_What you have to do_. Keep the wording of every entry intact in your copy, and omit the pictures.

*** Opening Recorded data ***

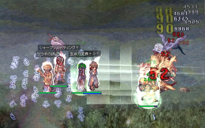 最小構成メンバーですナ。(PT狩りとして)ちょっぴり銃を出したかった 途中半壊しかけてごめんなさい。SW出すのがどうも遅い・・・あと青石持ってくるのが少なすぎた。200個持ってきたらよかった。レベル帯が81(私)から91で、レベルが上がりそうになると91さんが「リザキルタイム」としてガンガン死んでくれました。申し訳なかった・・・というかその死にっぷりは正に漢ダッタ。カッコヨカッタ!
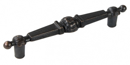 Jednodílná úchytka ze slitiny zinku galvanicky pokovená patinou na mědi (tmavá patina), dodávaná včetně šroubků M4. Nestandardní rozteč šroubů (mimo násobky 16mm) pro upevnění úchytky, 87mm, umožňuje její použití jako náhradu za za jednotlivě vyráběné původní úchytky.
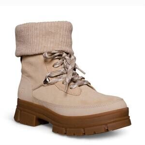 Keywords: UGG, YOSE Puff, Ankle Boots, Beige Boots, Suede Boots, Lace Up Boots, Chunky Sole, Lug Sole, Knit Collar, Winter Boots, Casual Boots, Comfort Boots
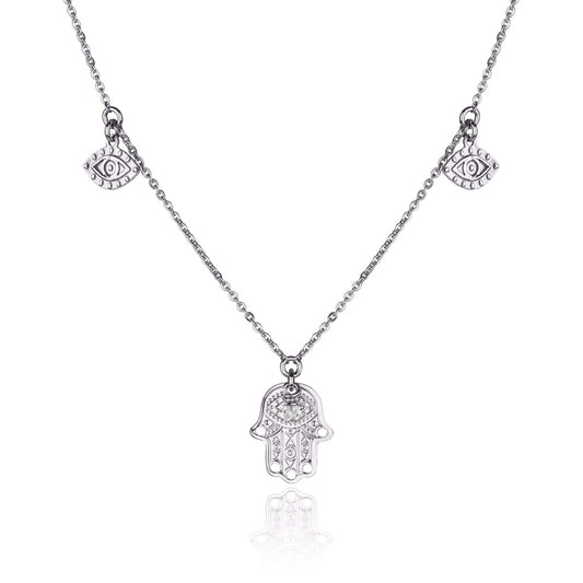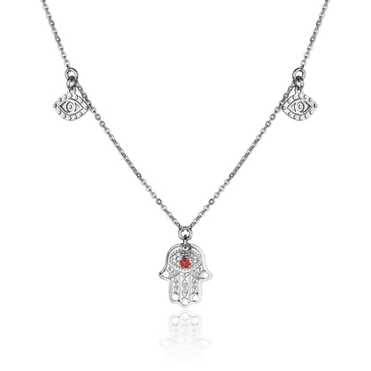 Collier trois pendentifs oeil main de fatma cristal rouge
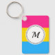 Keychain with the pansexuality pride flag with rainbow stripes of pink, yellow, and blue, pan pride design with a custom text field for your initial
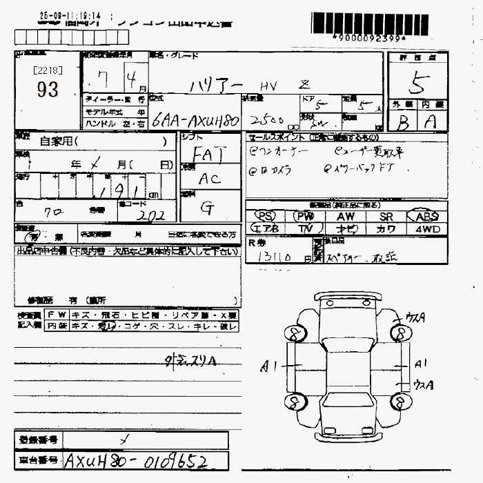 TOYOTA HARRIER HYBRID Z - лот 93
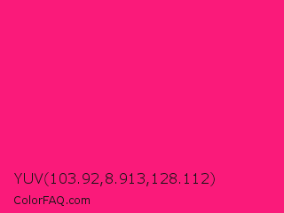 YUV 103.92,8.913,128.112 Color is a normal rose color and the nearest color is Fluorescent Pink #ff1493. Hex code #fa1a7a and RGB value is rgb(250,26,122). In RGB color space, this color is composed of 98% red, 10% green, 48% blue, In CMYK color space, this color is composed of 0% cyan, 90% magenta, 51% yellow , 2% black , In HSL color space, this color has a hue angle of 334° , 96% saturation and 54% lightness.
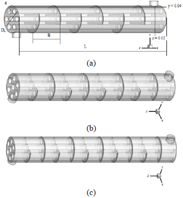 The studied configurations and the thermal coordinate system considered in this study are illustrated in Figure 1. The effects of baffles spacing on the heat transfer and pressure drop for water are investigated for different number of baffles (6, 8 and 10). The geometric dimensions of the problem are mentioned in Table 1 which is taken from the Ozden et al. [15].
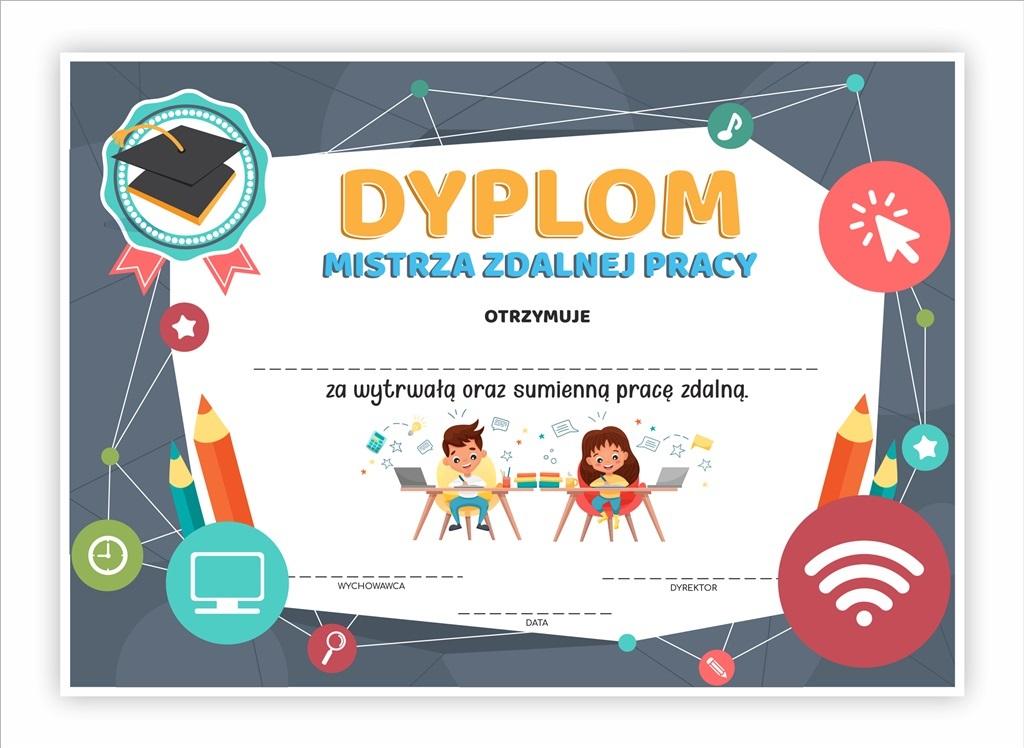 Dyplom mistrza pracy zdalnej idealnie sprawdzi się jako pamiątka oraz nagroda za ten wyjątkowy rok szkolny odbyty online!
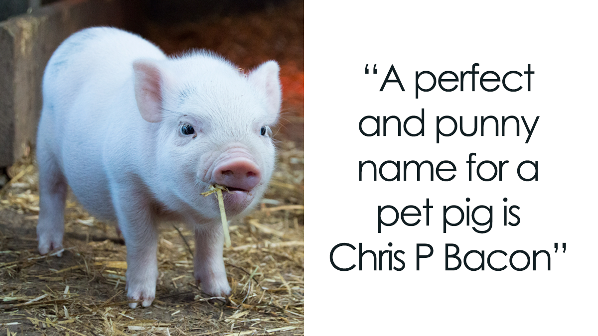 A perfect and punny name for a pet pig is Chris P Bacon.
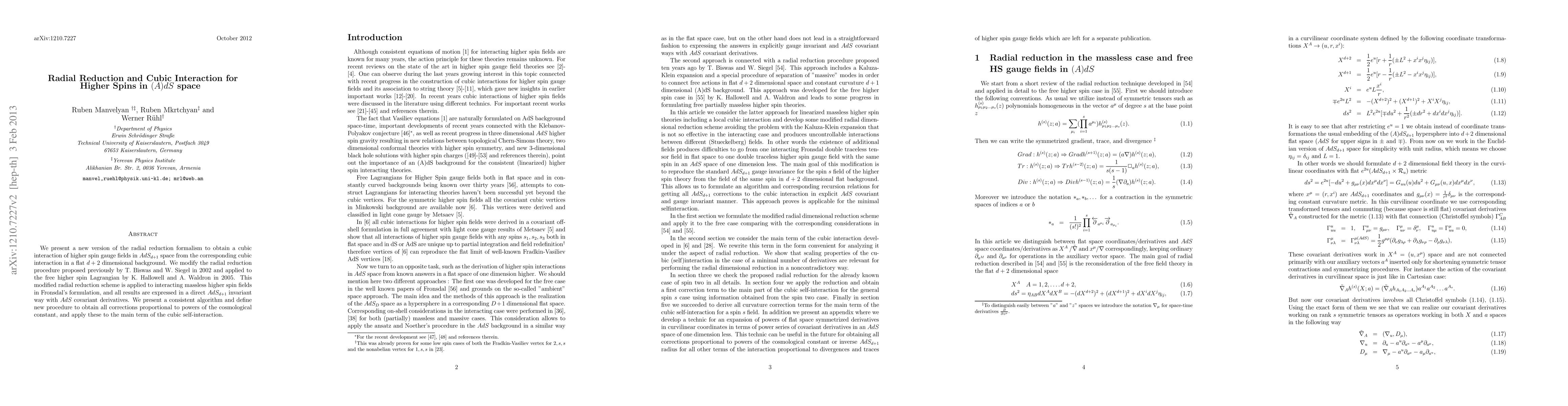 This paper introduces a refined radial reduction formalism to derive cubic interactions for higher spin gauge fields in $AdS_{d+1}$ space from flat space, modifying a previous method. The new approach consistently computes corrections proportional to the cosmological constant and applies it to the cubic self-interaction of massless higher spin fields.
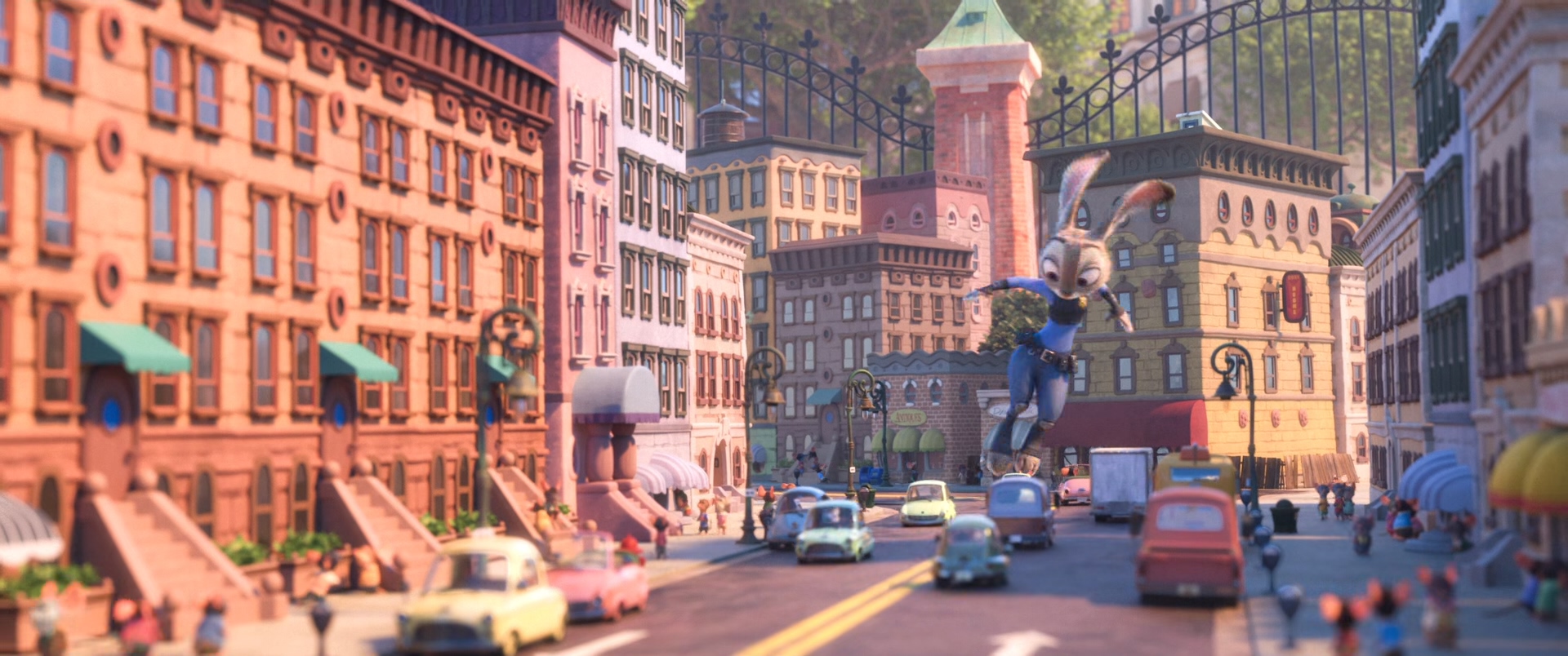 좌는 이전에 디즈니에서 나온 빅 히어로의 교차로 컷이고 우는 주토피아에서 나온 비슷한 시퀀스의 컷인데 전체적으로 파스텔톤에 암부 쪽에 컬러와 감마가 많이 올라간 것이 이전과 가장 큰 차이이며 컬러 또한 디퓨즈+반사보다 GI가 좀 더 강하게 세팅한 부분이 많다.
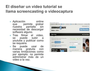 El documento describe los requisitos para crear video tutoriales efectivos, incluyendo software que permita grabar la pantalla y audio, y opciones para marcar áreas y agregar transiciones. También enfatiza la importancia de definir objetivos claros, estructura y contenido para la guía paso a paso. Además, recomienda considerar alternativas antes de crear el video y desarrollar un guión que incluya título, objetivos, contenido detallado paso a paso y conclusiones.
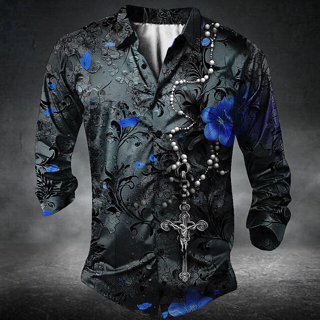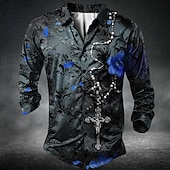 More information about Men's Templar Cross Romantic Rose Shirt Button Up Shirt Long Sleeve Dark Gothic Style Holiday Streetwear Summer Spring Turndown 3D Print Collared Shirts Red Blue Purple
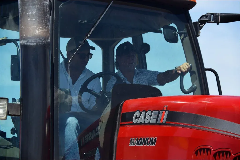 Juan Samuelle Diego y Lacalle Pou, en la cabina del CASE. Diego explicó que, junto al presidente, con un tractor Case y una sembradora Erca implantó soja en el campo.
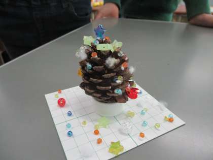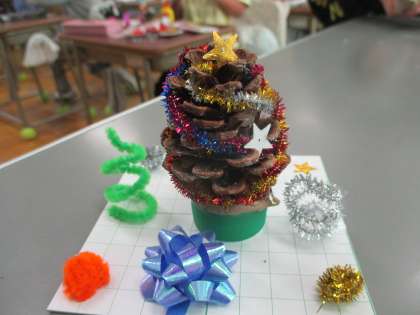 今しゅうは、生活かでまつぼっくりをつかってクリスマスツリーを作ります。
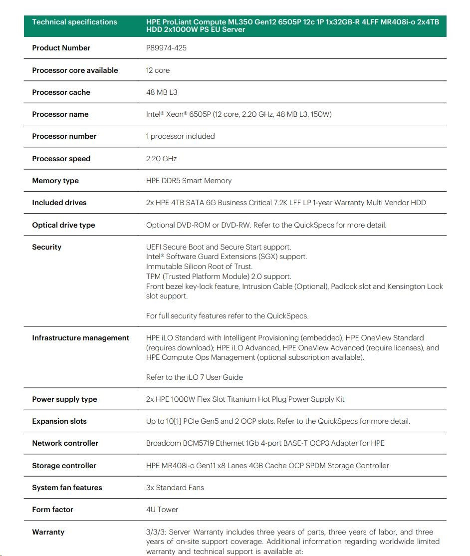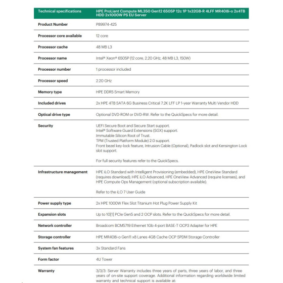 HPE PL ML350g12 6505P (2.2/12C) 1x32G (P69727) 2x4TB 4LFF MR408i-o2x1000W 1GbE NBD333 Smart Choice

*** Closing Recorded data ***

_Answer to this problem_.
 最小構成メンバーですナ。(PT狩りとして)ちょっぴり銃を出したかった 途中半壊しかけてごめんなさい。SW出すのがどうも遅い・・・あと青石持ってくるのが少なすぎた。200個持ってきたらよかった。レベル帯が81(私)から91で、レベルが上がりそうになると91さんが「リザキルタイム」としてガンガン死んでくれました。申し訳なかった・・・というかその死にっぷりは正に漢ダッタ。カッコヨカッタ!
 Jednodílná úchytka ze slitiny zinku galvanicky pokovená patinou na mědi (tmavá patina), dodávaná včetně šroubků M4. Nestandardní rozteč šroubů (mimo násobky 16mm) pro upevnění úchytky, 87mm, umožňuje její použití jako náhradu za za jednotlivě vyráběné původní úchytky.
 Keywords: UGG, YOSE Puff, Ankle Boots, Beige Boots, Suede Boots, Lace Up Boots, Chunky Sole, Lug Sole, Knit Collar, Winter Boots, Casual Boots, Comfort Boots
 Collier trois pendentifs oeil main de fatma cristal rouge
 Keychain with the pansexuality pride flag with rainbow stripes of pink, yellow, and blue, pan pride design with a custom text field for your initial
 TOYOTA HARRIER HYBRID Z - лот 93
 YUV 103.92,8.913,128.112 Color is a normal rose color and the nearest color is Fluorescent Pink #ff1493. Hex code #fa1a7a and RGB value is rgb(250,26,122). In RGB color space, this color is composed of 98% red, 10% green, 48% blue, In CMYK color space, this color is composed of 0% cyan, 90% magenta, 51% yellow , 2% black , In HSL color space, this color has a hue angle of 334° , 96% saturation and 54% lightness.
 The studied configurations and the thermal coordinate system considered in this study are illustrated in Figure 1. The effects of baffles spacing on the heat transfer and pressure drop for water are investigated for different number of baffles (6, 8 and 10). The geometric dimensions of the problem are mentioned in Table 1 which is taken from the Ozden et al. [15].
 Dyplom mistrza pracy zdalnej idealnie sprawdzi się jako pamiątka oraz nagroda za ten wyjątkowy rok szkolny odbyty online!
 A perfect and punny name for a pet pig is Chris P Bacon.
 This paper introduces a refined radial reduction formalism to derive cubic interactions for higher spin gauge fields in $AdS_{d+1}$ space from flat space, modifying a previous method. The new approach consistently computes corrections proportional to the cosmological constant and applies it to the cubic self-interaction of massless higher spin fields.
 좌는 이전에 디즈니에서 나온 빅 히어로의 교차로 컷이고 우는 주토피아에서 나온 비슷한 시퀀스의 컷인데 전체적으로 파스텔톤에 암부 쪽에 컬러와 감마가 많이 올라간 것이 이전과 가장 큰 차이이며 컬러 또한 디퓨즈+반사보다 GI가 좀 더 강하게 세팅한 부분이 많다.
 El documento describe los requisitos para crear video tutoriales efectivos, incluyendo software que permita grabar la pantalla y audio, y opciones para marcar áreas y agregar transiciones. También enfatiza la importancia de definir objetivos claros, estructura y contenido para la guía paso a paso. Además, recomienda considerar alternativas antes de crear el video y desarrollar un guión que incluya título, objetivos, contenido detallado paso a paso y conclusiones.
 More information about Men's Templar Cross Romantic Rose Shirt Button Up Shirt Long Sleeve Dark Gothic Style Holiday Streetwear Summer Spring Turndown 3D Print Collared Shirts Red Blue Purple
 Juan Samuelle Diego y Lacalle Pou, en la cabina del CASE. Diego explicó que, junto al presidente, con un tractor Case y una sembradora Erca implantó soja en el campo.
 今しゅうは、生活かでまつぼっくりをつかってクリスマスツリーを作ります。
 HPE PL ML350g12 6505P (2.2/12C) 1x32G (P69727) 2x4TB 4LFF MR408i-o2x1000W 1GbE NBD333 Smart Choice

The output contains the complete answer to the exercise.